# [SOLVED] power source for a row of LEDs



## Steff345 (Sep 14, 2007)

hi
i was thinking of adding a few LEDs as case lights to my PC. actually i have already built the circuit of about 20 white LEDs in total with 47ohm resistors for each of them in a paralell connection and all run fine when supplied with a power source of 5V (which i provided with a few batteries just for testing purposes) 

my problem now is that i was thinking of mounting these up in my case.. and i need to get a power supply for them externally as i am not very happy of powering them from my PC power supply (just to keep the PC on the safe side)

I was thinking of using an old mobile phone charger which i have lying around, which has an output of DC 5.0V and 800mA max current output. when calculated, my circuit uses 500mA (25mA per LED x 20)..

is this possible? i mean using a phone charger to power up a circuit such as mine?? and any possible risks that may arise during use? :4-dontkno

thanks in advance


----------



## octaneman (May 13, 2009)

*Re: power source for a row of LEDs*

Hi Steff345


To build your array will require you set it up in a parallel configuration using 1 ohm resistors. Each resistor will dissipate 250mW so 1/2 Watt resistors will be the required set up. The 5v output is a little worrisome though, 5v is a little high. To better help you with your array, what was your calculation of the diode forward voltage and current. ?


----------



## Steff345 (Sep 14, 2007)

*Re: power source for a row of LEDs*

hi
many thanks for your reply - 
actually i have already built the circuit and as you have suggested - the LEDs are connected in paralell with 1 47ohm resistor for each LED.
in my calculation the forward voltage that i took was 3.8V (as i am using high intensity white LEDs) and the current i used was 25mA per LED

the curcuit works perfectly with all LEDs lighting up when i hook up some batteries..


----------



## octaneman (May 13, 2009)

*Re: power source for a row of LEDs*

Nice job  

If you can take a pic and post your array it would be helpful to others.


----------



## Steff345 (Sep 14, 2007)

*Re: power source for a row of LEDs*

sure.. will do that

what about the power issue? thats still not resolved.. like i said in my first post, i was thinking of powering up the array of the LEDs using an old mobile phone charger that gives and output of 5V DC and a max current output of 800mA.. theorotically shouldnt that seem perfect for this kind of setup? since the LEDs use only 500mA??

but my problem is will this setup be feasible? i mean powering them up using a mobile phone charger? any experience in this kind of situation anyone?


----------



## Done_Fishin (Oct 10, 2006)

*Re: power source for a row of LEDs*

your charger was not built to supply a constant load so it may not last very long.

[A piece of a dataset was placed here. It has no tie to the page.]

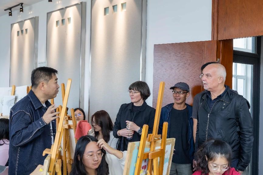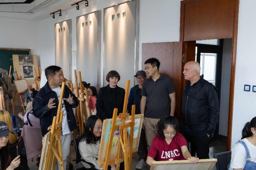 座谈结束后,Markus Weisbeck教授和Vera Kunz教授共同参观了广告学专业画室,与正在上课的老师同学进行了探讨交流,并对学生作品给予认可。

why don't you connect it using isolated wires to the 5V supply on your PC Power supply. It won't or shouldn't begrudge an extra 2.5watts for those LED. Use the Red Black combination from a spare molex connector or even grab a connector from an old floppy drive and use the floppy power connector.


----------



## octaneman (May 13, 2009)

*Re: power source for a row of LEDs*

In theory you are correct it should be able to work, but like Done_Fishin said it wont last long because the charger was not designed to give a constant feed. But he gave excellent advice on how to power your array. The mobile phone charger will overheat from prolonged use for it does not have anything to cool the circuitry.


----------



## Done_Fishin (Oct 10, 2006)

*Re: power source for a row of LEDs*

just make sure that you keep *ALL* the connections well isolated .. the 5V supply can deliver a lot more than your 0.5A, perhaps anything up to 40A before complaining and that is a *LOT* of frying power!


----------



## Steff345 (Sep 14, 2007)

*Re: power source for a row of LEDs*

thanks, both of you for your valuable input..

ok.. so i'll scrap the charger idea then.. and resort to using the 5V connector on the PSU..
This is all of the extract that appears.